- Awarded for: Best single joke (typically a one-liner)
- Venue: Edinburgh Fringe Festival
- Country: United Kingdom
- Presented by: U&Dave
- First award: 2008; 18 years ago
- Currently held by: Mark Simmons (2024)

= Funniest Joke of the Fringe =

The Funniest Joke of the Fringe is an award presented each year at the Edinburgh Festival Fringe by the British television channel U&Dave (formerly Dave). The award highlights the best single joke (typically a one-liner) by a standup comedian and is voted on by members of the public from a shortlist selected by a panel of comedy critics.

==Background and context==
The Edinburgh Fringe Festival takes place each year in August. It is the UK's largest arts festival.

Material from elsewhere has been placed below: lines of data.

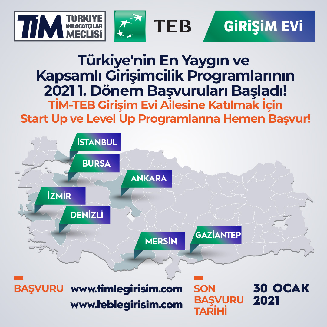 Türkiye İhracatçılar Meclisi’nden (TİM) alınan bir yazıda, Türkiye İhracatçılar Meclisi Genel Sekreterliğinden alınan bir yazıda; TİM-TEB Girişim Evleri'nin, teknoloji girişimcilerinin ve teknoloji şirketlerinin sürdürülebilirliğini ve hızla büyümesini sağlamaya yönelik inkübasyon, hızlandırma ve büyüme aşamalarındaki özgün programları ile ekosisteme yön verdiği belirtilmekte olup TİM TEB Girişim Evlerinde,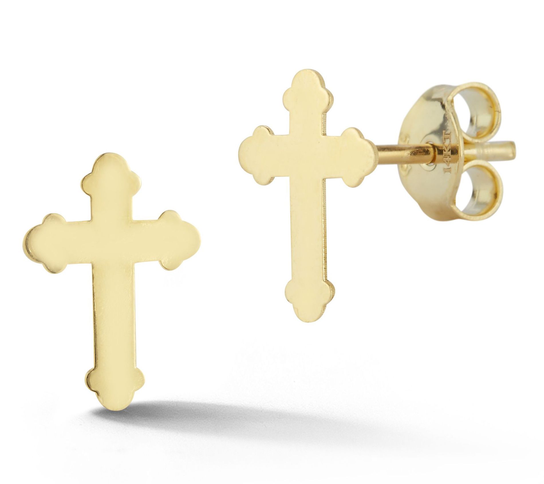 Italian Gold Flat Cross Stud Earrings, 14K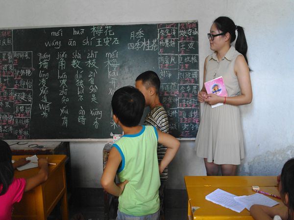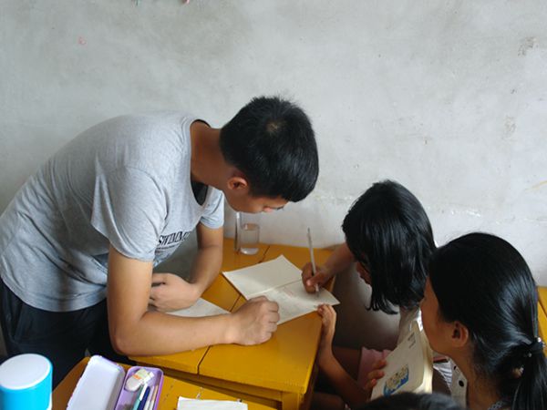 719日清晨,看见志愿者到达学校,正在教室外玩耍的孩子们跑过来紧紧抱住志愿者,仰着脸,露出洁白的牙齿,微笑地望着志愿者。志愿者拉着他们的手慢慢走进教室:“我们开始上课了!
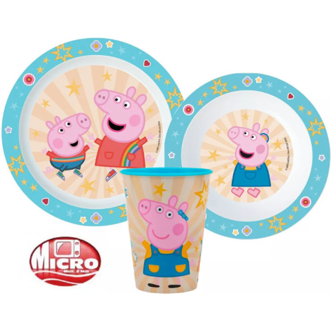 1 kép Nickelodeon Peppa malac étkészlet, micro műanyag szett 260 ml-es pohárral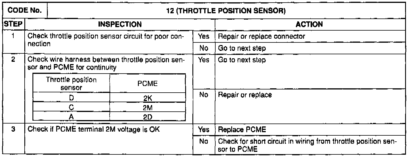 TROUBLE CODE CHART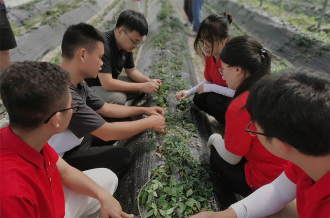 圖為實踐隊指導基地托管人員三葉青種植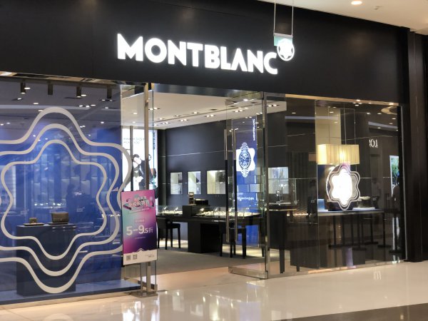 万宝龙品牌展柜(门口展牌写着部分商品5-9.5折)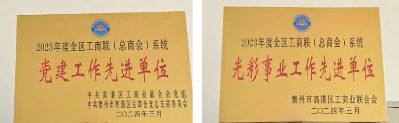 热烈祝贺荣耀网站喜获2023年度工商联(总商会)系统“党建工作先进单位”和“光彩事业工作先进单位”荣誉称号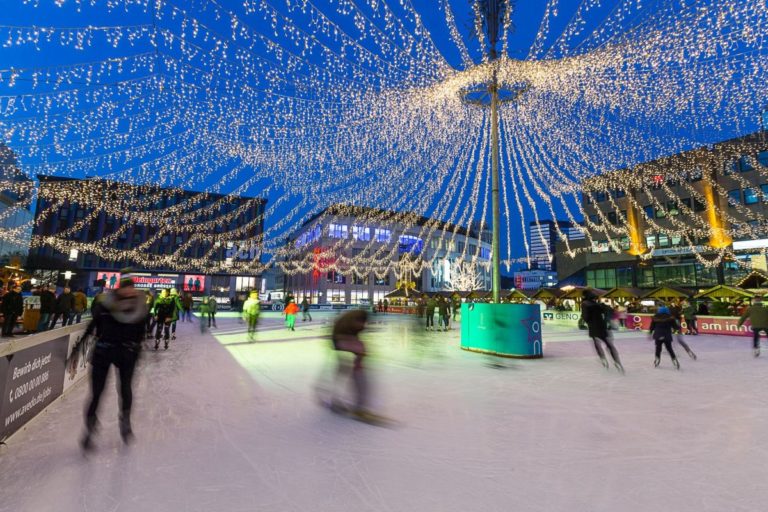 Im Schatten des beeindruckenden Remscheider Rathauses vereisen während des Weihnachtsmarktes über 600 Quadratmeter. Selbstredend, dass diese mit Schlittschuhen befahren werden können. Zudem locken zwei Eisstockbahnen auf die von Holzhütten und Lichterketten umgebene Eislaufbahn. Die können online für 59€ gebucht werden.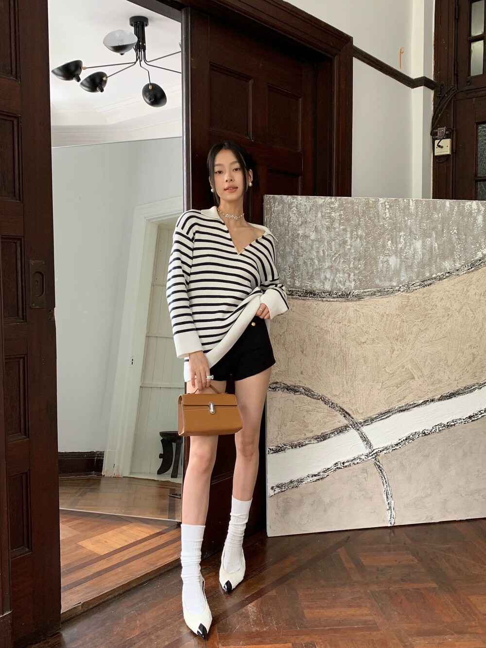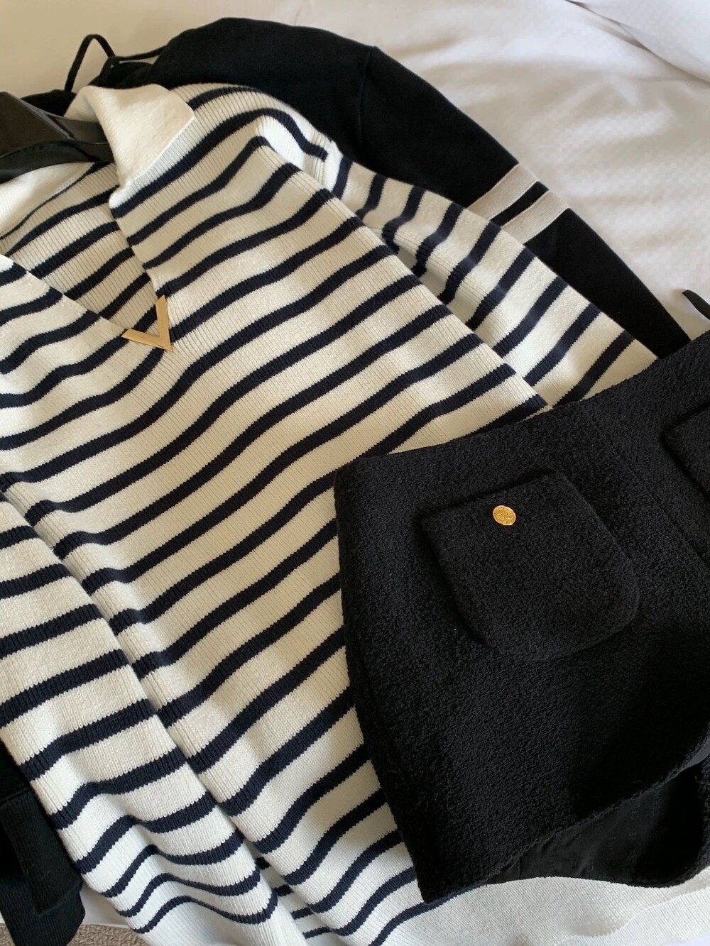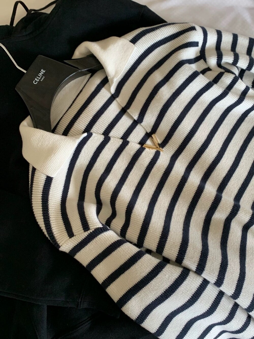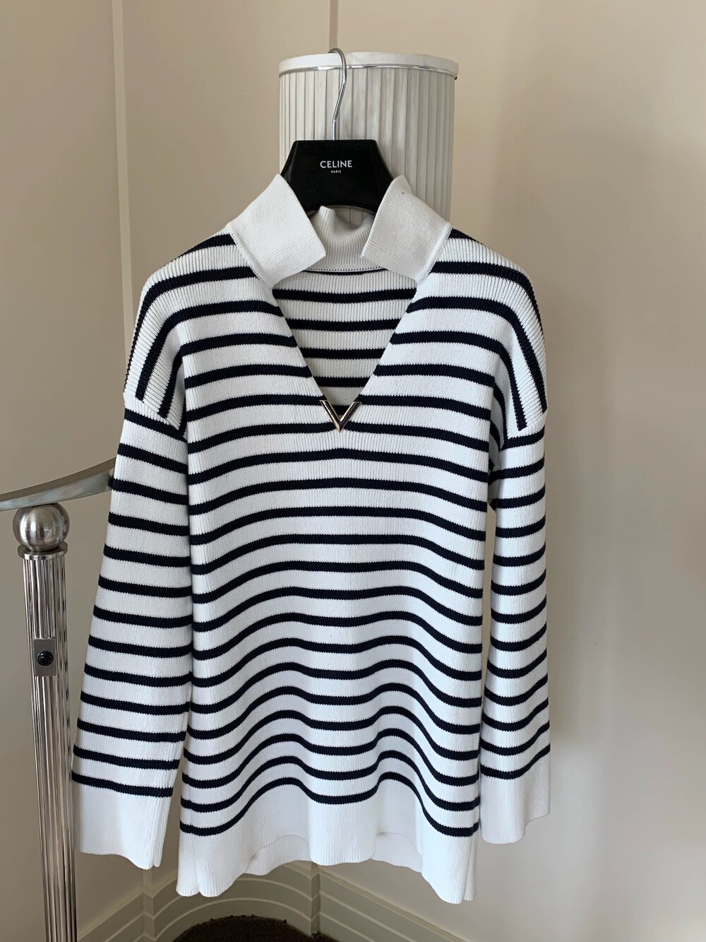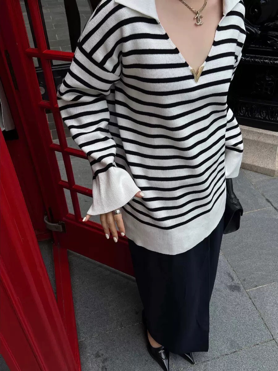 VALEN* 스트라이프 V넥 튜닉 니트

Each year hundreds of comedians perform across the city, making it one of the largest comedy festivals in the world.

Although the award often generates headlines and draws attention from around the world it has been broadly criticised by comedians and critics as a poor representation of comedy in the UK. Since the award's inception only two women have won, and almost every joke that is shortlisted has been a pun. In 2023 winner Lorna Rose Treen stated that she felt men more often won "because there are fewer women in comedy so the likelihood of a woman doing puns is less".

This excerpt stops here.